Normally, he has a horrible sense of time. So when he started using time-sensitive words, I start to feel fear. I'm also sx-dom, and I can't help but to be terrified when he said things like "we're just friend for now" or talked about our friendship status in the same sentence with a mention of an ex. The reason this is terrifying is that no where else in his life does he display that kind of ambition, I'm happy just being friends, so it's just blatantly saying he actively wants something more than just friends, but he was in total denial about that too.

Then one day, after him saying a bunch of crazy things like "I love being married but I hate the drama that comes with", "why do girls have to look so good but act so bad", and "you know what they say. All of the good guys are taken. For a chick in IT, the odds are good, but the goods are odd. You'd have to dig through a bunch of guys to find one who isn't crazy", I got fed up and blew up at him. His response was like, "You wanted more than what I could give. I'm sorry to lose a friend". WTF?

So he just completely ignored me for months. Then I got a major battle victory at work that he wasn't able to accomplish before he left. Then he started talking to me again, which made me thought "what did he want from me? oh because I won this he thinks I'm worth talking to again?"

He apologized for treating me badly! Holy crap! These days, he _sounds_ saner and _appears_ to be getting better. I think he admitted to himself that he was lonely because he got a pet dog. We don't talk as much as we used to, but when we do, there's this distinct hint of "I have emotional needs and I don't want to do anything to drive us further apart, so I'm going to talk to you very quickly and leave so that I don't get rejected". Honestly, I don't get it.

I texted him and was like "what does dark night of the soul mean to you?" and he was like "I am lost as to what I'm supposed to do and how to progress". I'm not sure how significant that is or what exactly that means to him, but I hope awareness of it is a sign that he's getting better. Wow, I can tolerate a whole lot of crazy!

And a different three... He's half-Korean, but his mother left when he was very young. Has dreams of opening up his own restaurant business and he likes going to fancy restaurants and take in the food and atmosphere. But somewhere along the way of talking about how he wants to move to the west coast of the US, he mentioned going to South Korea to try out foods there. Hmm... Oh, I also know that he really enjoyed some kind of film class because it explained to him when scenes are shot a certain way, that certain meanings are implied.

For a couple of other male threes I know, hope for them came in the form of winning a custody battle against their ex-wives. They actually did have to make cases in court. And another three at work hopes to be converted from an hourly contractor to full-time salaried worker, but he refuses to jeopardize his image at all, which means he gets exploited at work. I feel bad for him, but he was adamant that he'll be fine handling it. 
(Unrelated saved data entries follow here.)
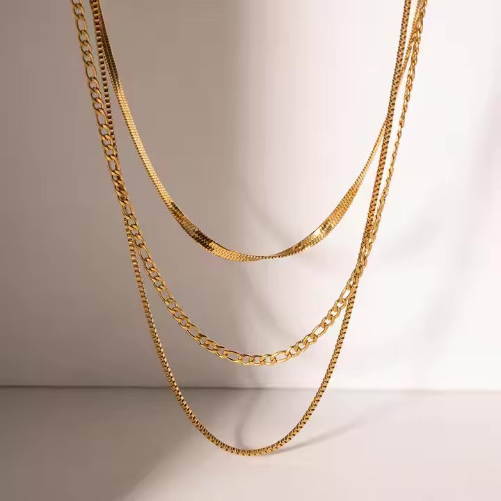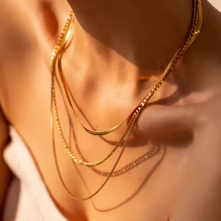 Buy NowThe Trio Cascade necklace is a statement piece that commands attention. Featuring three delicate chains of varying lengths, this necklace creates a graceful, cascading effect that drapes beautifully across the collarbone, adding a touch of elegance and individuality
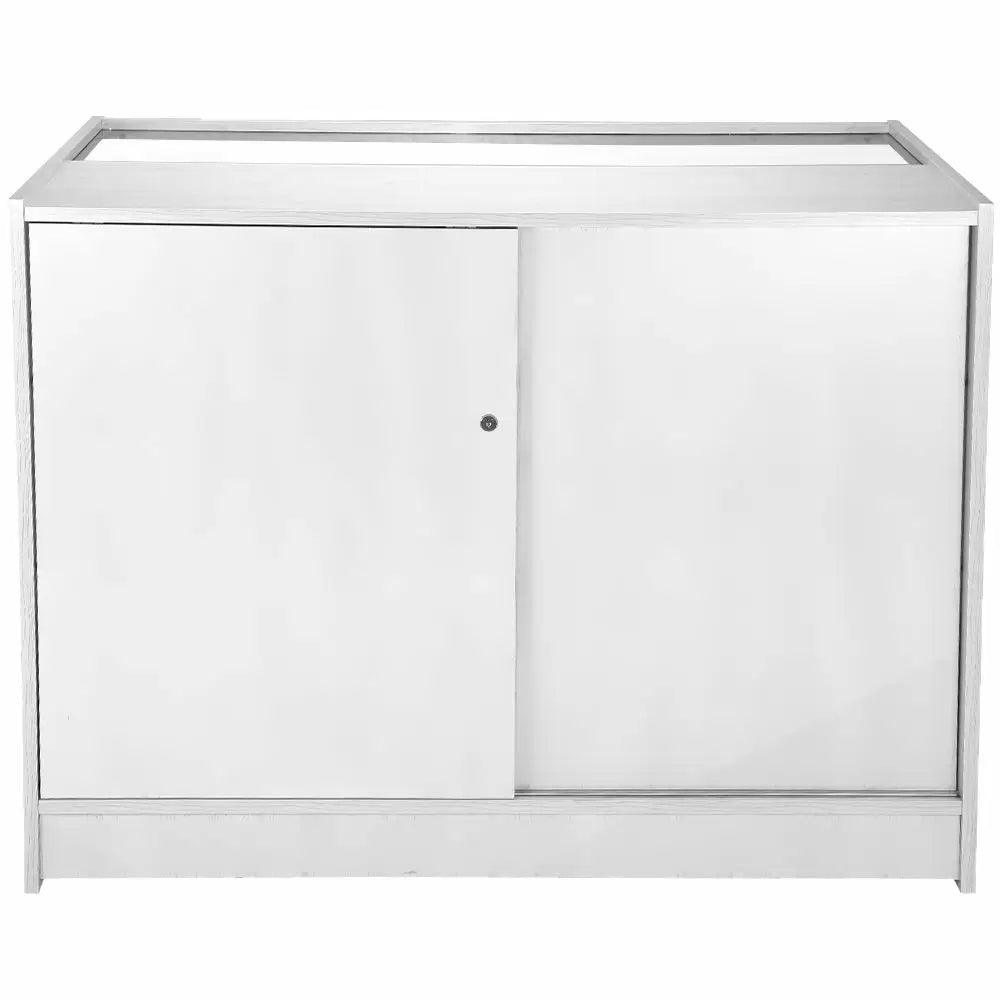 Il bancone K1200 è un’unità richiudibile che mette in mostra i tuoi prodotti e al tempo stesso li protegge. Ha un pannello in vetro nella parte frontale più un altro sulla superficie superiore, il che vuol dire che i tuoi clienti possono vedere i tuoi articoli ma non possono toccarli. Le porte scorrevoli richiudibili nella parte posteriore danno a te e solo a te la possibilità di accedere ai prodotti. Dimensioni: 90cm (altezza) x 120cm (larghezza) x 60cm (profondità).
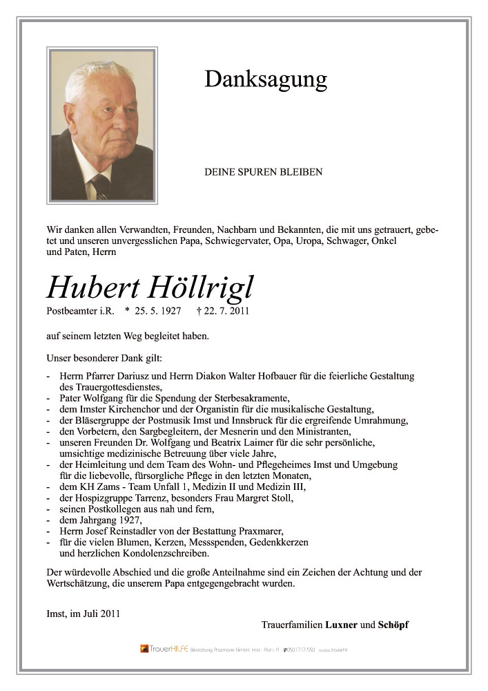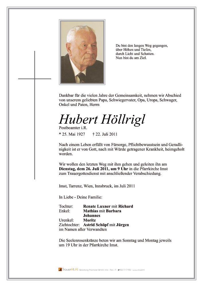aufrichte Anteilnahme wünsche ich Euch allen zum Heimgang Eures lieben Verstorbenen. Nicht nur als langjähigem Nachbarn habe ich Herrn Höllrigl zeitlebens sehr geschätzt. Ich werde ihn für immer in guter Erinnerung behalten!
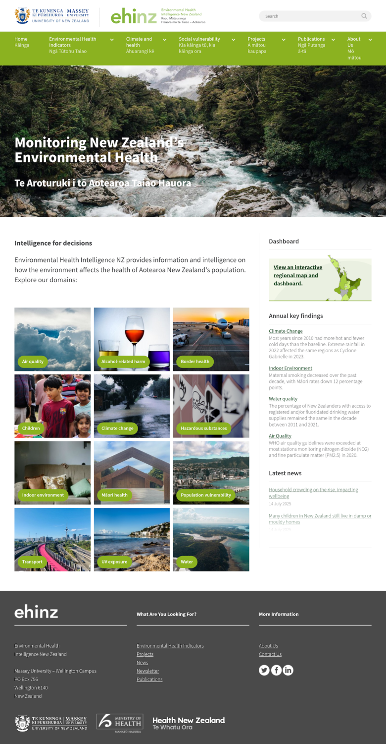 EHINZ monitors and reports on how the environment affects the health of the NZ human and animal populations. I worked with EHINZ to redevelop their site.

I have a 3w4 fix, and in previous relationships, people just projected what they hoped I'd be. Apparently I gave off a "perfect girlfriend" vibe, for good reasons like "worked hard in my relationships" and stupid reasons like "willing to watch My Little Ponies with them so that they could fit in with an internet in-joke about bronies", which really sucks! I just don't get it.

I totally recommend Almaas's Facets of Unity. Holy Hope isn't some egoic desire as much as an assurance that whatever happens, things will be fine.
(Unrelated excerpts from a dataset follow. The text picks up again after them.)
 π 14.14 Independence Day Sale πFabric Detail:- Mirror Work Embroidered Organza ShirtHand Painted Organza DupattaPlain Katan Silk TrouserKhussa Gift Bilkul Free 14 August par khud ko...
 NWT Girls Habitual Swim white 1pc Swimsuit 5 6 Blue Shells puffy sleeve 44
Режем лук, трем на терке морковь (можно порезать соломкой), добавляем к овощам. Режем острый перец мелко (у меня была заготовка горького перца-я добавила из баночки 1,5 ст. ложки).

> Am I off base to say this system is set up for feelers by feelers?


 The system includes considerations for thinkers and people who take actions without excessive thinking or feeling.


> Even if we say motivation IS emotional, there is legitimate emotion from building something or bringing a brain child into the world - apart from sex and social status. Presentation or "orchestra direction" is one form of creativity, not just playing the instrument.


 Shame is the emotion that encourages you to do your best. Genuine pride, and not the vice of pride, is that feeling you get after you've accomplished something. There's nothing wrong with being proud of one's accomplishments as long as people remember that they are more than their accomplishments.


----------



## Old Intern (Nov 20, 2012)

but . . . . . there is a difference between wanting to do creative work because it is what you most honestly connect with, with the condition of knowing that you have to produce and look the part in order to keep getting the opportunities that let you work in a way that is compatible with use of Ne - Vs somebody who needs attention for being successful or special.

On the one hand I think this system just doesn't allow for the need to be doing creative work as it's own end, because most people (interested in these systems) want to believe that whatever people do other than mate - must have some dark reason.

I'm guessing I've only dated guys who were ones, or twos and they wanted me to feel guilty for . . . . . i don't quite know the hell what.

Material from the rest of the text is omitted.